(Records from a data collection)
+++++

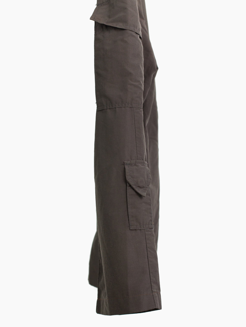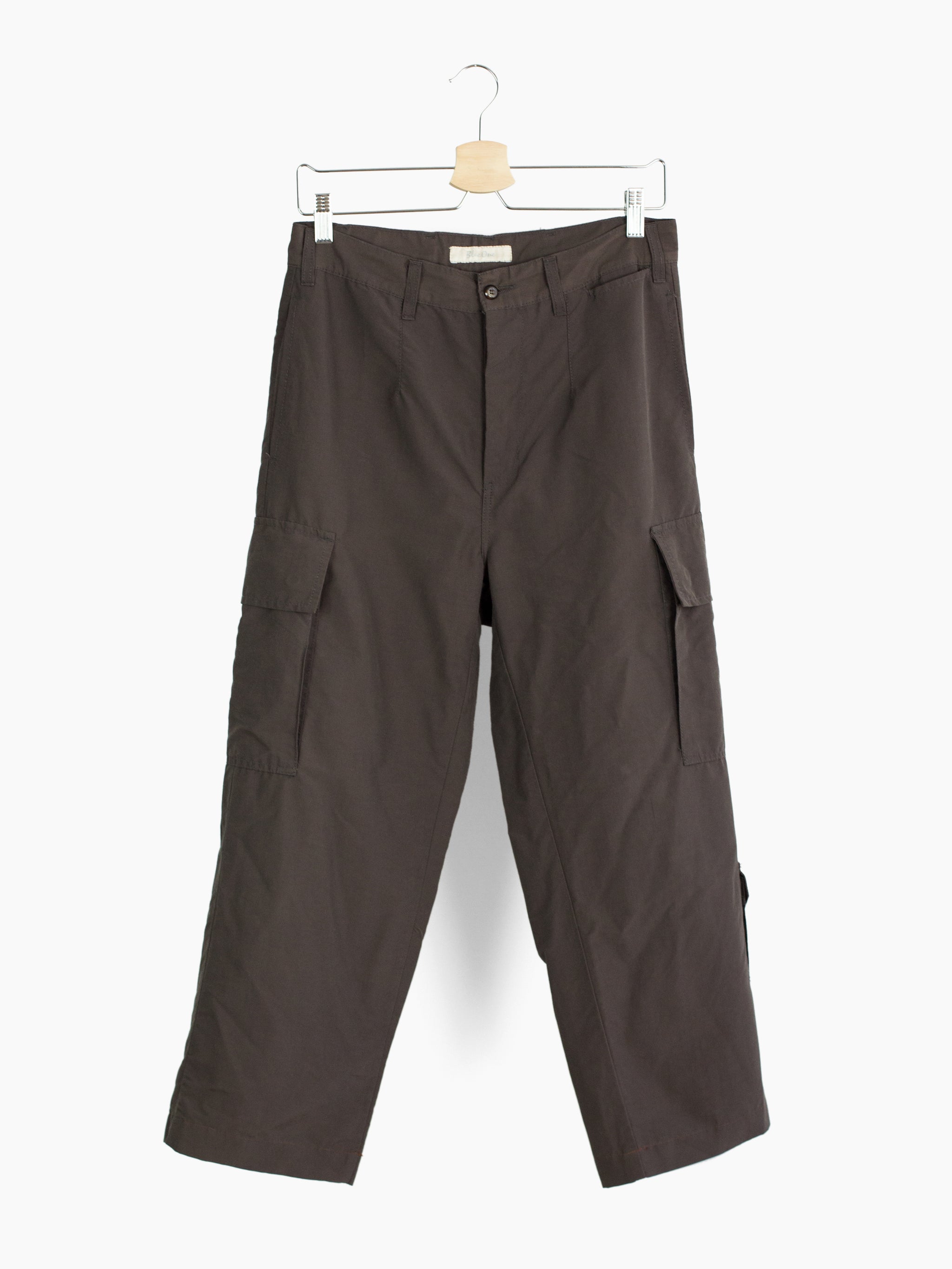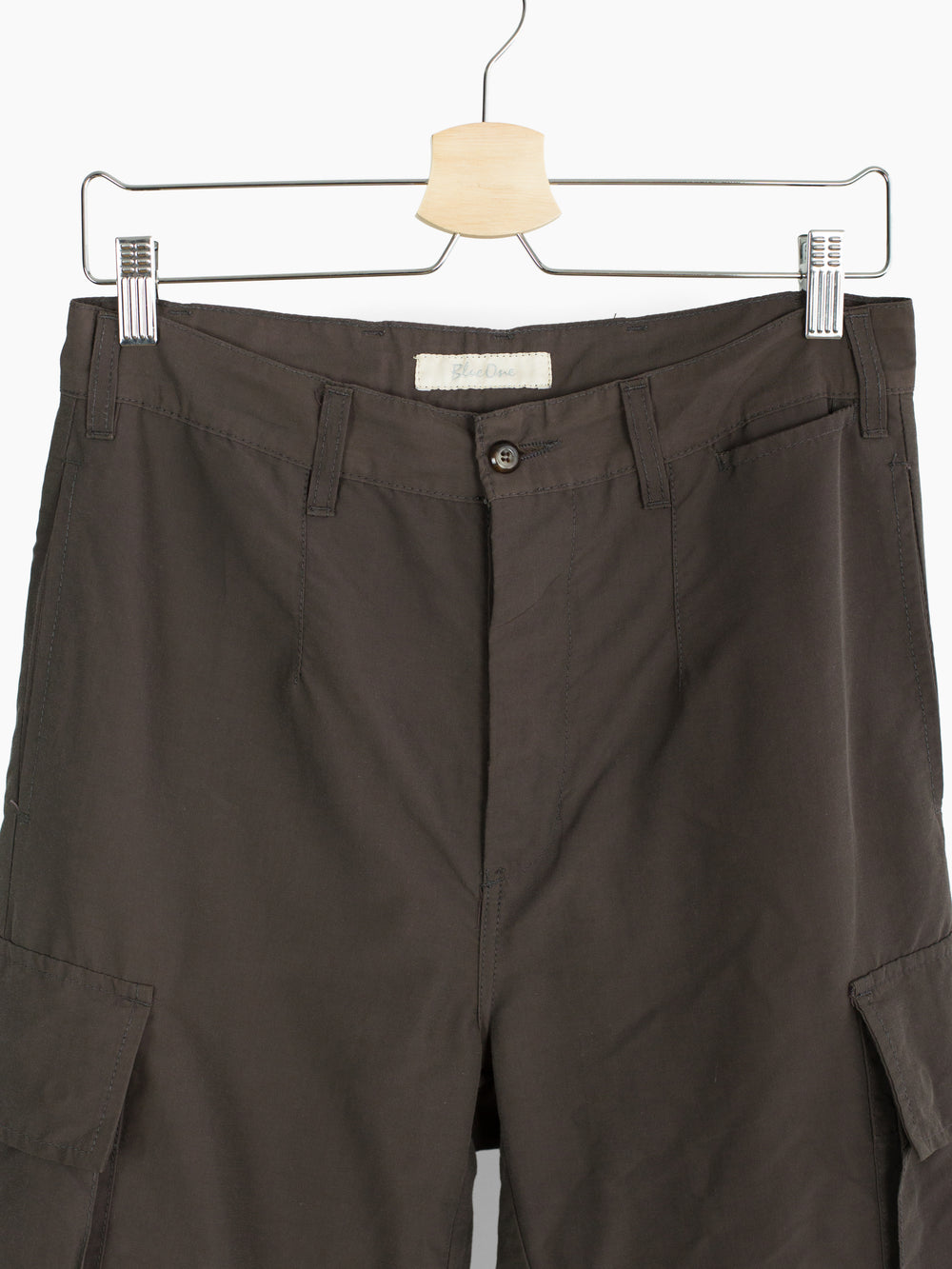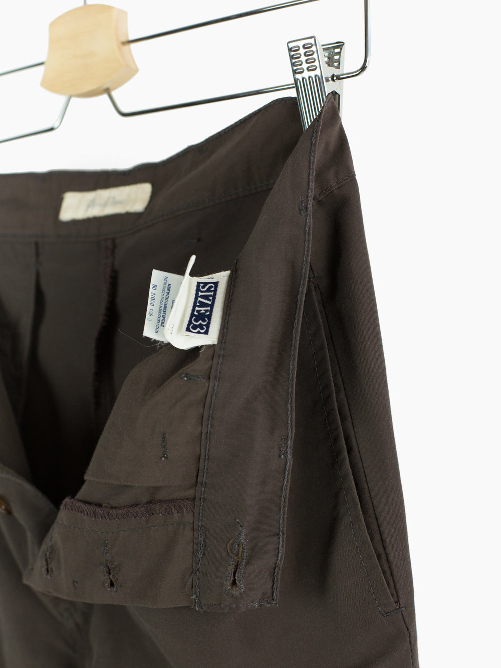 90s Trousers from Italian brand 'Blue One,' produced at the same GTR factories as 90s/00s Helmut Lang. Not surprisingly, they carry the same air of minimalist elegance. This pair is cut in a 70% Polyester 30% cotton blend technical plainweave in an earthy sepia brown. It features two spacious snap-closed cargo pockets on the thigh and a single mini cartridge pocket at wearer's left calf. Two slash waist pockets are set right on the outseam, and a single drop coin pocket right below the waistband. In lieu of pleats are a unique set of front darts that achieve the same effect but with more visual precision.
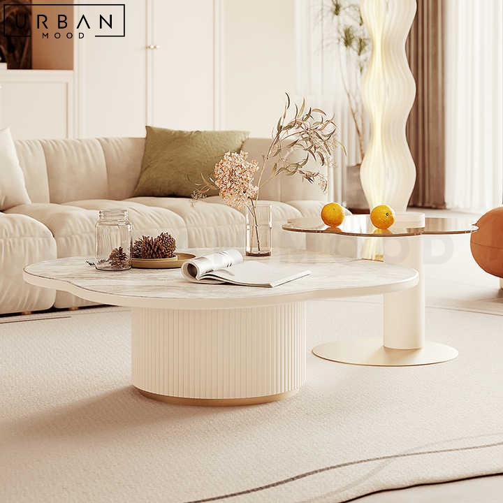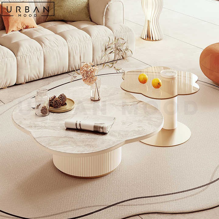 Invite nature into your living room with our KINSLEY flower-shaped nesting coffee tables, perfect for embracing Japandi or Hygge style. The main table features a beautiful sintered stone top in high gloss marble print, while the side table boasts a sleek tempered glass top. The nesting design allows for flexible configuration, enabling you to pull the tables apart to create a spacious setting or push them together for a cozy atmosphere. This versatile set combines functionality and style, making it perfect for everyday relaxation or entertaining guests. Its distinctive flower shape and premium materials will surely become a conversation starter in your home.
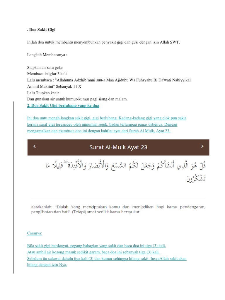 Doa Sakit Gigi Bengkak Berlubang Dan Karang
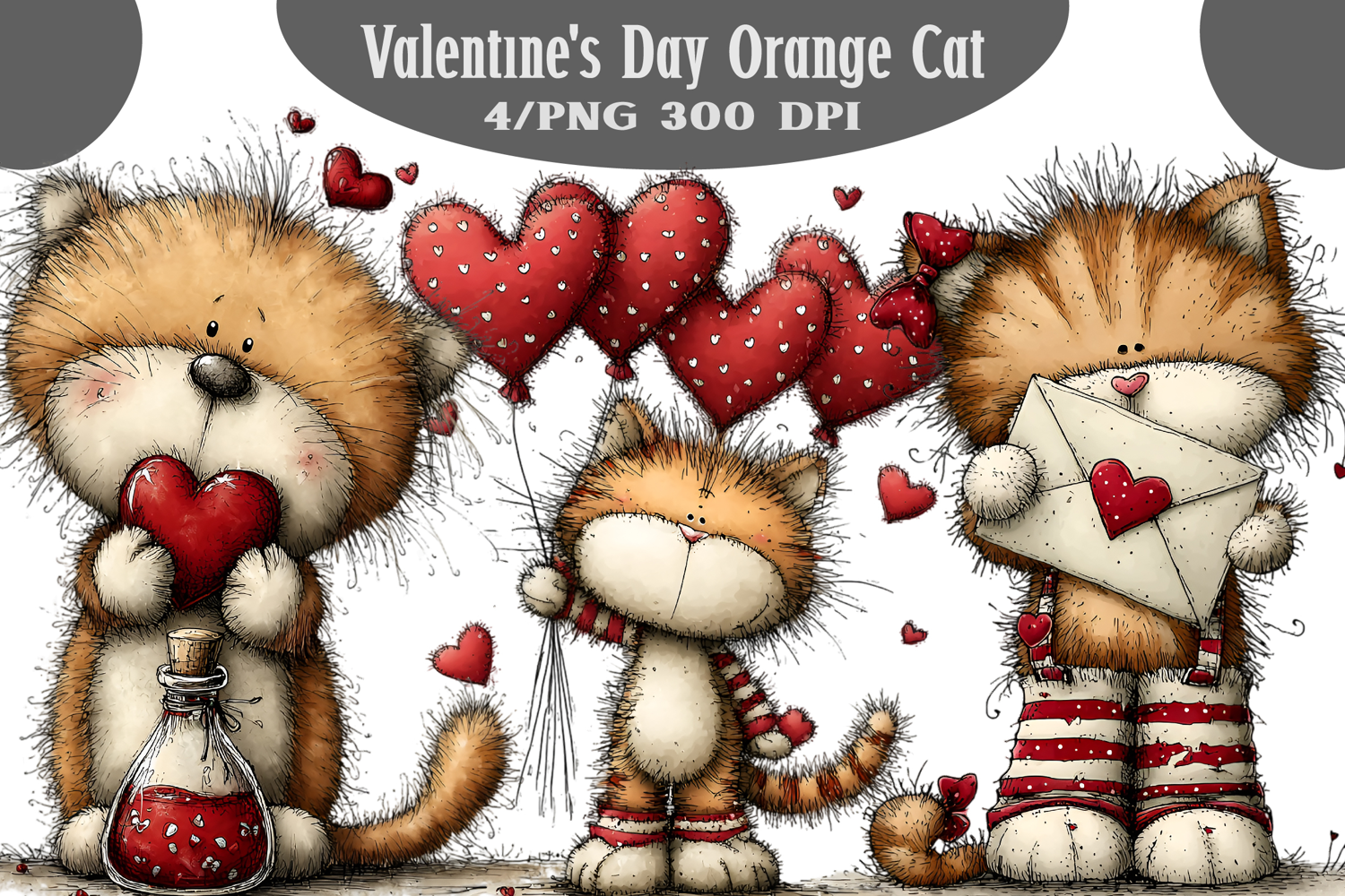 Valentine's Day Orange Cat Clipart PNG example image 1
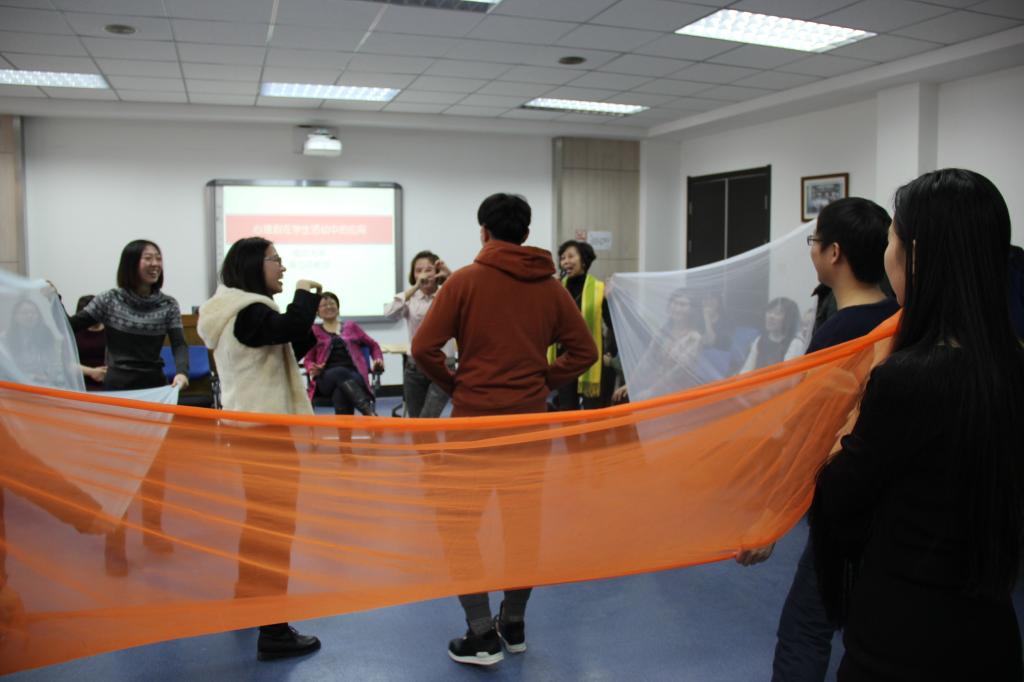 培训中桑老师首先介绍了螺旋心理剧的起源和发展,让大家了解到螺旋心理剧是经验取向的治疗模式,是藉由参与者的行为表演转化为心理力量,从中培养、提高对自身的洞察能力,实现自我整合与人际关系和谐的一种深层心灵互动模式,具有高度参与性、体验性、启发性的特点,已被公认为是一种快速、安全、有效并且独具魅力的心灵治疗方法。随后的3个小时培训中,桑老师带领大家通过能量传递、光谱测量、社会计量等方法,参与角色扮演,帮助大家在角色互换与亲身体验中组建团队、发现自我、学习技能

+++++

→ Exercise instructions: Lines from the one holding "Valentine's Day Orange" to the end of the data, both ends included, are to be given again exactly; no pictures belong in the copy.

→ Answer to this exercise:
 Valentine's Day Orange Cat Clipart PNG example image 1
 培训中桑老师首先介绍了螺旋心理剧的起源和发展,让大家了解到螺旋心理剧是经验取向的治疗模式,是藉由参与者的行为表演转化为心理力量,从中培养、提高对自身的洞察能力,实现自我整合与人际关系和谐的一种深层心灵互动模式,具有高度参与性、体验性、启发性的特点,已被公认为是一种快速、安全、有效并且独具魅力的心灵治疗方法。随后的3个小时培训中,桑老师带领大家通过能量传递、光谱测量、社会计量等方法,参与角色扮演,帮助大家在角色互换与亲身体验中组建团队、发现自我、学习技能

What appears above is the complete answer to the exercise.